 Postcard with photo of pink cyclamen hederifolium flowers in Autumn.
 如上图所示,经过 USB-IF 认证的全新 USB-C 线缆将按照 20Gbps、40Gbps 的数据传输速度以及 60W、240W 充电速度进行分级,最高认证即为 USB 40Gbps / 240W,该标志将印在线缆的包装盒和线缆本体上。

::::

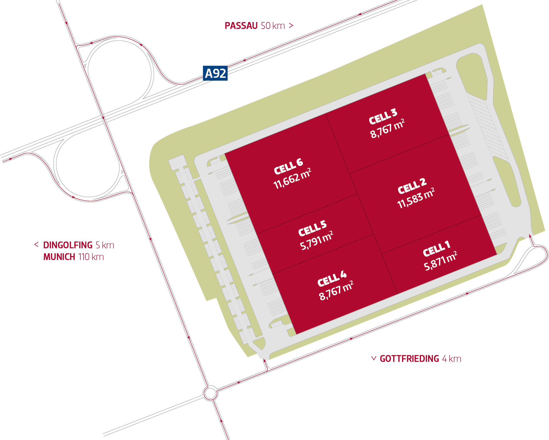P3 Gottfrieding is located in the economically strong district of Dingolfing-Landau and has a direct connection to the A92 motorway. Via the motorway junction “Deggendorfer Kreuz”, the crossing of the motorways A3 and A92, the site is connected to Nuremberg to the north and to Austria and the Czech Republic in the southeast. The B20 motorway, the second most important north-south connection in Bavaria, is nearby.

::::

[What to work on]
Could you retype exactly the lines above, starting at the line that contains "Postcard with photo" and ending at the line that contains "如上图所示,经过 USB-IF 认证的全新", and nothing more?

[Exercise solution]
 Postcard with photo of pink cyclamen hederifolium flowers in Autumn.
 如上图所示,经过 USB-IF 认证的全新 USB-C 线缆将按照 20Gbps、40Gbps 的数据传输速度以及 60W、240W 充电速度进行分级,最高认证即为 USB 40Gbps / 240W,该标志将印在线缆的包装盒和线缆本体上。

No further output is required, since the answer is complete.